Rapid agitation control with ketamine in the emergency department (RACKED): a randomized controlled trial protocol.

作者信息

Barbic David, Andolfatto Gary, Grunau Brian, Scheuermeyer Frank X, MacEwan William, Honer William G, Wong Hubert, Barbic Skye P

机构信息

Department of Emergency Medicine, St Paul's Hospital, 1081 Burrard St, Vancouver, BC, V6Z 1Y6, Canada.

Centre for Health Evaluation Outcome Sciences, Vancouver, BC, Canada.

出版信息

Trials. 2018 Nov 26;19(1):651. doi: 10.1186/s13063-018-2992-x.
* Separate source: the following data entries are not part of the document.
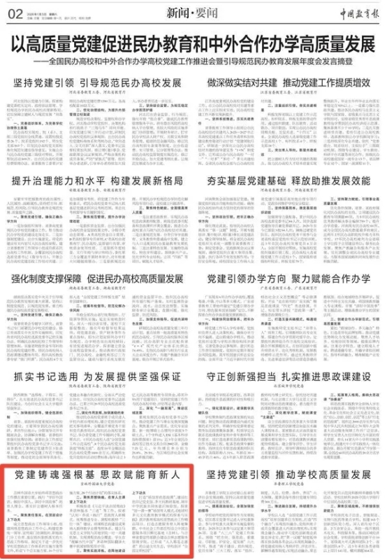 2026年1月3日,《中国教育报》第2版以《以高质量党建促进民办教育和中外合作办学高质量发展》为题,报道了吉林外国语大学的交流发言。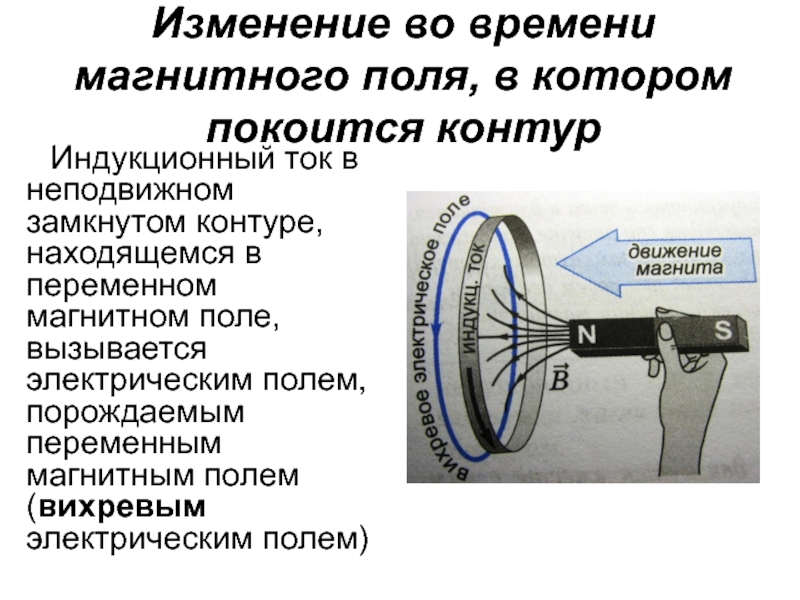 Слайд 48Изменение во времени магнитного поля, в котором покоится контур
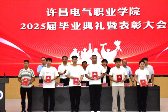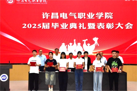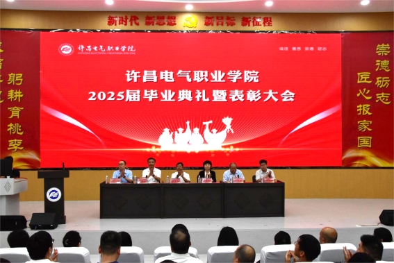 典禮伊始,全場師生莊嚴(yán)肅立,齊聲高唱國歌。嘹亮的歌聲在會(huì)場激蕩,承載著對(duì)祖國的無限熱愛,也為這場充滿希望與榮耀的盛會(huì)奠定了激昂基調(diào)。會(huì)上介紹了2025屆畢業(yè)生專升本情況,宣讀了《許昌電氣職業(yè)學(xué)院關(guān)于辦理2025年普通專科學(xué)歷證書的報(bào)告》、《河南省教育廳關(guān)于表彰2025年河南省優(yōu)秀應(yīng)屆大中專畢業(yè)生的通知》、《許昌電氣職業(yè)學(xué)院關(guān)于表彰2025年優(yōu)秀應(yīng)屆大中專畢業(yè)生的決定》。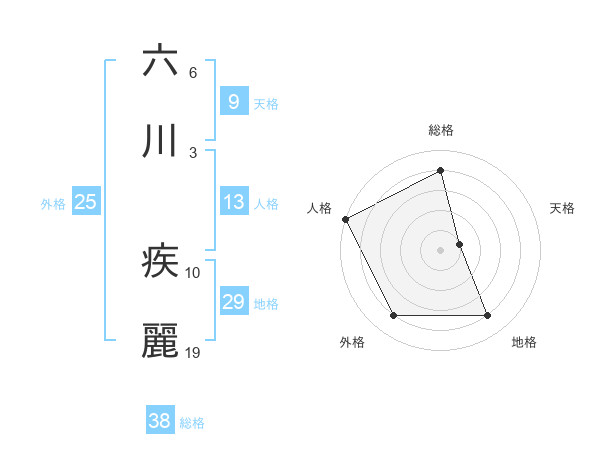 六川 疾麗さんを姓名の画数から五運を鑑定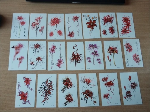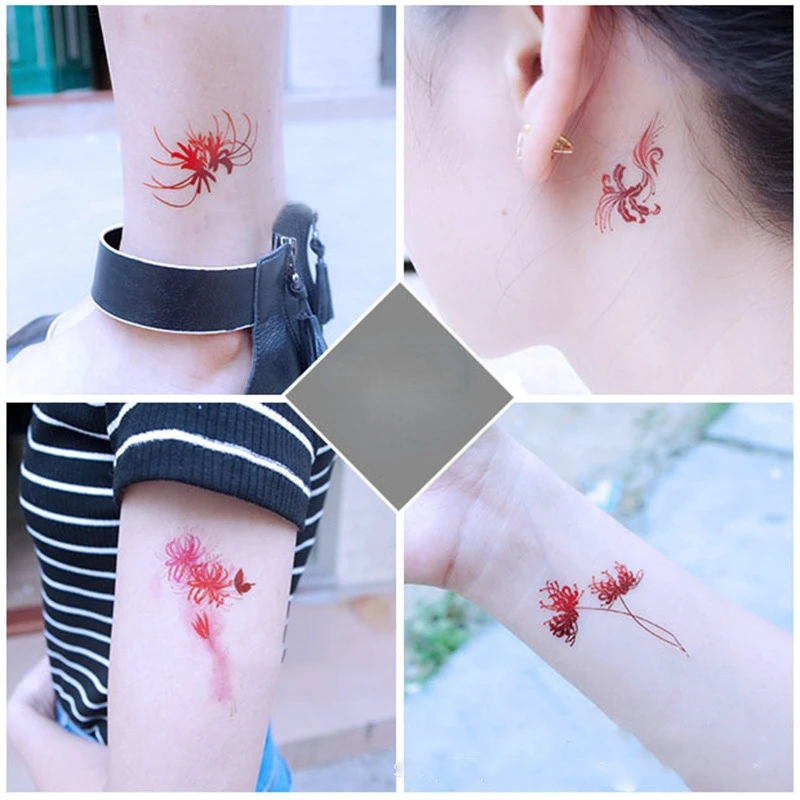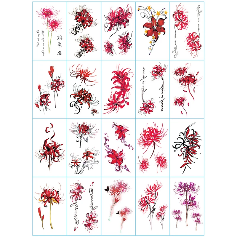 Временные татуировки 20 шт., наклейки и переводки с красными цветами, женские татуировки и боди-арт, водостойкие Временные татуировки, временные татуировки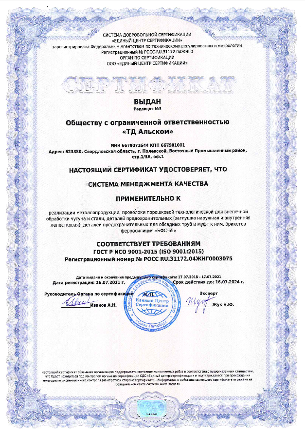 Свои подписи под документом поставили генеральный директор ТМК Игорь Корытько и директор компании «Альском» Сергей Рыбников. Согласно документу, «Альском» будет на конкурсной основе поставлять порошковую проволоку с наполнителями феррованадий и ферромолибден. За партнером также закрепляется статус дилера по реализации трубной продукции ТМК.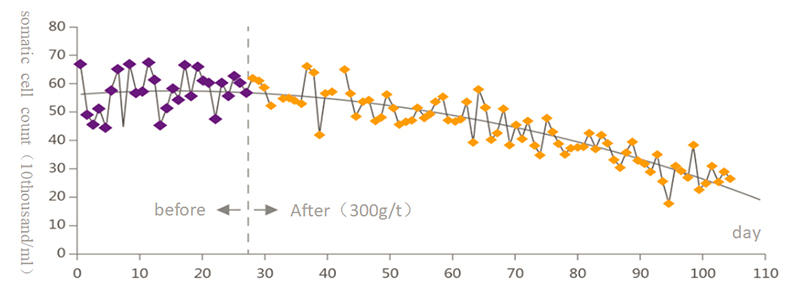 There are many reports on the enhancement of the immunity of ruminants by yeast selenium. Huang et al. (2004) found that the transformation ability of lymphocytes was enhanced and the percentage of lymphocytes increased with the increase of selenium supplementation days when studying the effect of se-enriched yeast on the immune function of cows.Lv Z W (2011) studied perinatal cows and found that on the 7d and 21d postpartum, the levels of IgM, IgG and IgA first decreased and then increased with the increase of supplemental level. Secondly, selenium, as the active component of GSH-Px, plays an important role in the body's antioxidant defense system. Selenium yeast can improve the body's antioxidant capacity, reduce oxidative stress, relieve heat stress, and reduce somatic cell count.Zhang Nu (2009) found that under heat stress, the addition of selenium yeast could reduce the body temperature of dairy cows by 0.33℃, and the plasma endotoxin was significantly reduced. Luo et al. (2010) showed that feeding 2.4gSY per day to perinatal cows significantly increased the activity of GSH-Px in serum of dairy cows compared with the group without selenium supplementation.We added 300g/t of selenium yeast(2000ppm) to the refined supplement of 360 lactating cows for 80 days. The results showed that the somatic cell count of milk gradually decreased from 592.3 thousand to 273.4 thousand, with a decrease of 53.8%.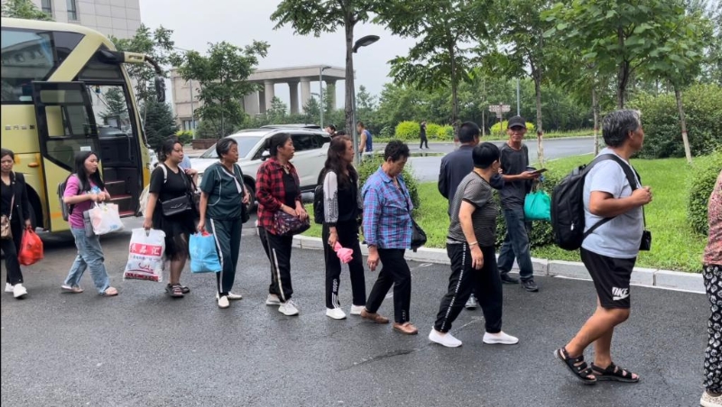 8月4日,轉(zhuǎn)移安置群眾乘大巴來到五常市雅臣中學(xué)。新華社記者劉昊東 攝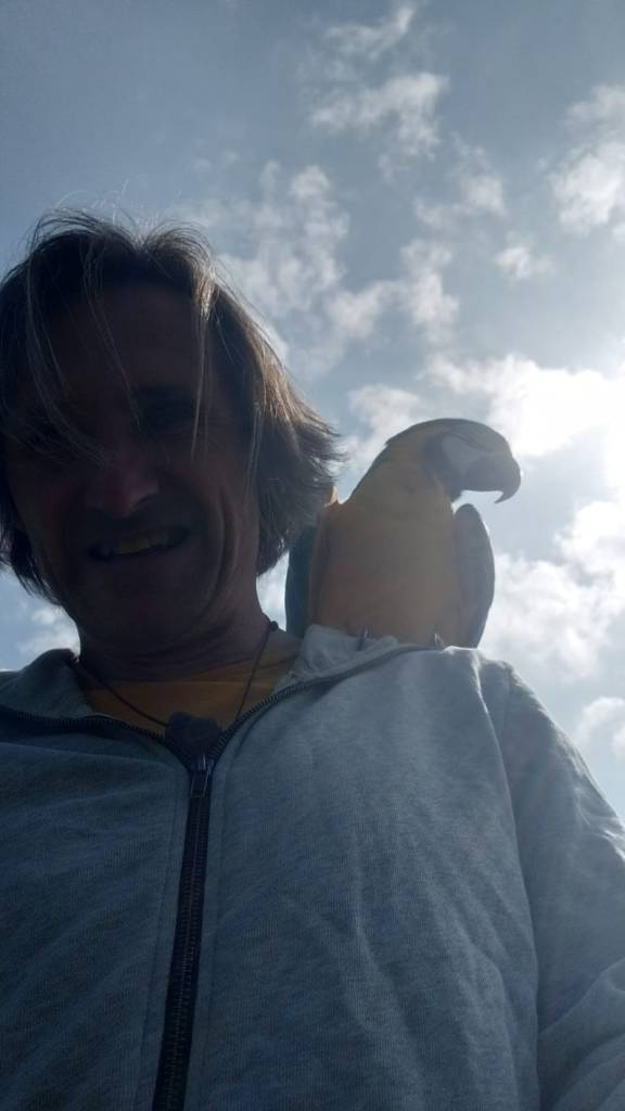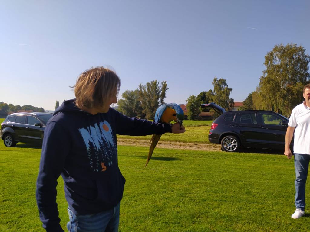 Als der Besitzer der Vögel dann doch langsam die Heimreise antreten möchte, muss er den Kerl mit Engelszungen bequatschen, dass er herunterkommt und sich wieder mitnehmen lässt. Faszinierend, dass es ihm überhaupt „folgt“. Doch die Tiere sind den Besitzer von klein auf gewohnt. Haustierhaltung eben. Statt Hund oder Katze eben Papageien.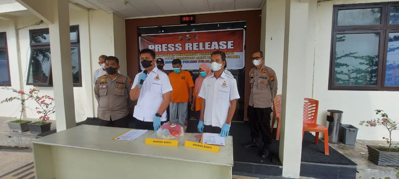 AKP NM Marbun SH didampingi Kasubag Humas AKP Edy Haryanto SH dan staf Reskrim menghadirkan dua tersangka yang merupakan pasangan suami istri (Pasutri). Tersangka PM (43) dan NT (42) yang bekerja dan tinggal di salah satu perumahan perusahaan di Bandar Petalangan Kabupaten Pelalawan. Sedangkan korban MSD (16) masih dalam perawatan merupakan satu marga dengan tersangka PM yang sehari hari telah tinggal satu rumah sejak 7 bulan lalu dengan tersangka.
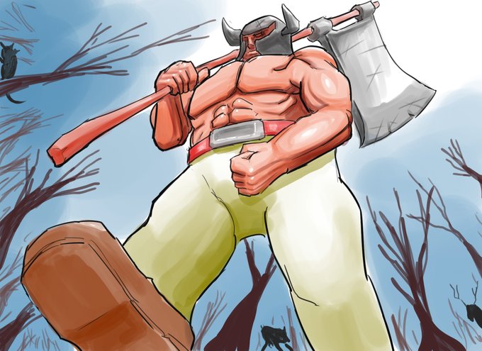 こう…威風堂々と斧を背負って歩くマッチョは俺の脳内にずっと住んでいたんだ…。 うまくなってから描きたかった物を何度でも描くために今描いていくッ!(勢い1000%) きっと明日になると後悔するんやろなぁ…。
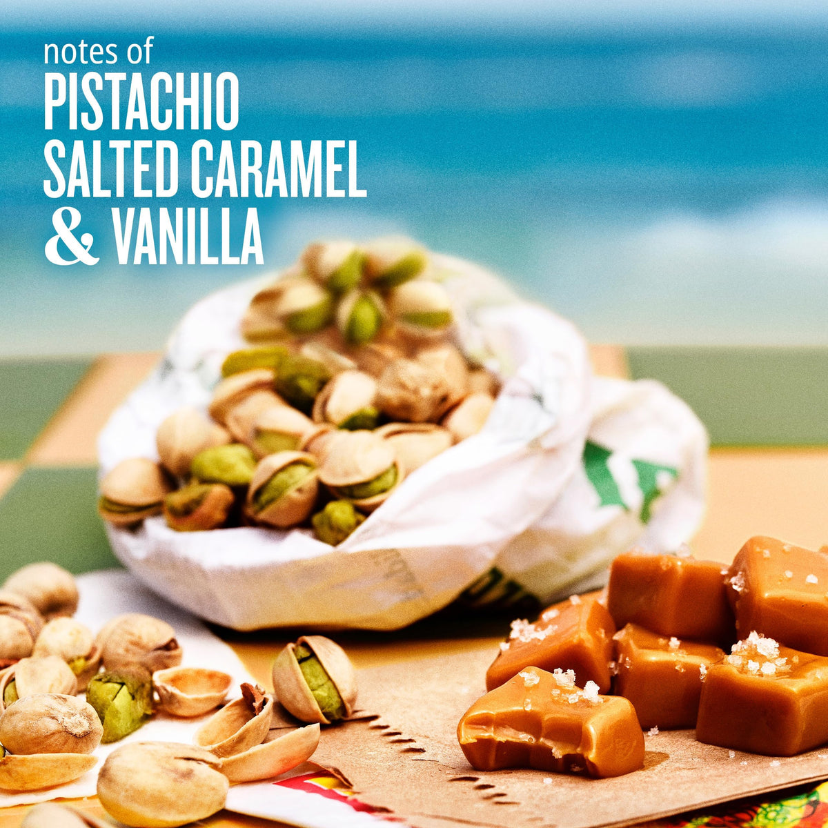 Key notes of pistachio, salted caramel, vanilla
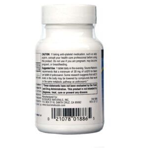 Recomendações de uso: 1 tablet daily in the evening. Source Naturals recommends that a minimum of 30 mg of coQ10 be taken per tablet of policosanol. Some research suggests that coQ10 levels in the body may be lowered by compounds that work on the same metabolic pathway as policosanol.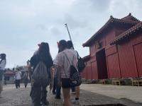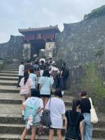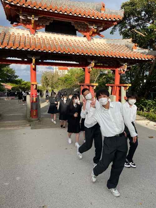 首里城は那覇の高台にあり、公園内もやや急な傾斜が首里城まで続いていました。階段も傾斜があり、生徒も登るのが大変そうでした。

DOI:10.1186/s13063-018-2992-x
PMID:30477544
原文链接:https://pmc.ncbi.nlm.nih.gov/articles/PMC6258312/
Abstract

BACKGROUND

The rapid control of patients presenting to the emergency department (ED) with psychomotor agitation and violent behavior is paramount for the safety of patients and ED staff. The use of intramuscular (IM) ketamine in the pre-hospital and ED settings has demonstrated promising preliminary results to provide rapid and safe behavioral control. A prospective, randomized controlled trial is required to measure the potential superiority of IM ketamine compared to current standard care (IM benzodiazepines plus antipsychotics).

METHODS

This will be a parallel, prospective, randomized, controlled trial of 5 mg/kg IM ketamine compared to a combination of 5 mg IM midazolam and 5 mg IM haloperidol. The study will enroll approximately 184 patients, randomized equally to two study arms. There will be one study visit during which study medication will be administered and assessments will be completed. A follow-up safety visit will occur on day 3. The primary objective of this study is to compare IM ketamine to a combination of IM midazolam and haloperidol with regards to the time required for adequate behavioral control, in minutes, in patients presenting to the ED with psychomotor agitation and violent behavior, as measured by the Richmond Agitation-Sedation Scale (RASS).

DISCUSSION

We present a novel study to determine whether ketamine is a rapid and safe option, compared to a combination of midazolam and haloperidol for the sedation of patients presenting to the ED with psychomotor agitation and violent behavior. To our knowledge, this study is the first randomized controlled trial to compare ketamine to current standard care for this indication. We have attempted to address numerous logistical issues with the design of this study including a waiver of consent, ensuring adequate blinding of outcome assessors, patient enrolment, and data monitoring.

TRIAL REGISTRATION

Clinicaltrials.gov, NCT03375671 . Registered on 18 December 2017.

摘要

背景

对于急诊科(ED)中出现精神运动性激越和暴力行为的患者,迅速实施控制对患者及急诊科工作人员的安全至关重要。在院前和急诊科环境中使用肌肉注射(IM)氯胺酮已显示出有希望的初步结果,可实现快速且安全的行为控制。需要进行一项前瞻性随机对照试验,以衡量IM氯胺酮相对于当前标准治疗(IM苯二氮䓬类药物加抗精神病药物)的潜在优势。

方法

这将是一项平行、前瞻性、随机对照试验,比较5mg/kg IM氯胺酮与5mg IM咪达唑仑和5mg IM氟哌啶醇的组合。该研究将招募约184名患者,随机平均分为两个研究组。将有一次研究访视,在此期间给予研究药物并完成评估。在第3天进行随访安全访视。本研究的主要目的是比较IM氯胺酮与IM咪达唑仑和氟哌啶醇组合,对于急诊科中出现精神运动性激越和暴力行为的患者,以里士满躁动镇静量表(RASS)衡量,达到充分行为控制所需的时间(以分钟为单位)。

讨论

我们开展了一项新研究,以确定与咪达唑仑和氟哌啶醇的组合相比,氯胺酮对于急诊科中出现精神运动性激越和暴力行为的患者进行镇静是否是一种快速且安全的选择。据我们所知,本研究是第一项针对该适应症将氯胺酮与当前标准治疗进行比较的随机对照试验。我们已尝试在本研究设计中解决众多后勤问题,包括豁免知情同意、确保结果评估者充分盲法、患者招募和数据监测。

试验注册

Clinicaltrials.gov,NCT03375671。于2017年12月18日注册。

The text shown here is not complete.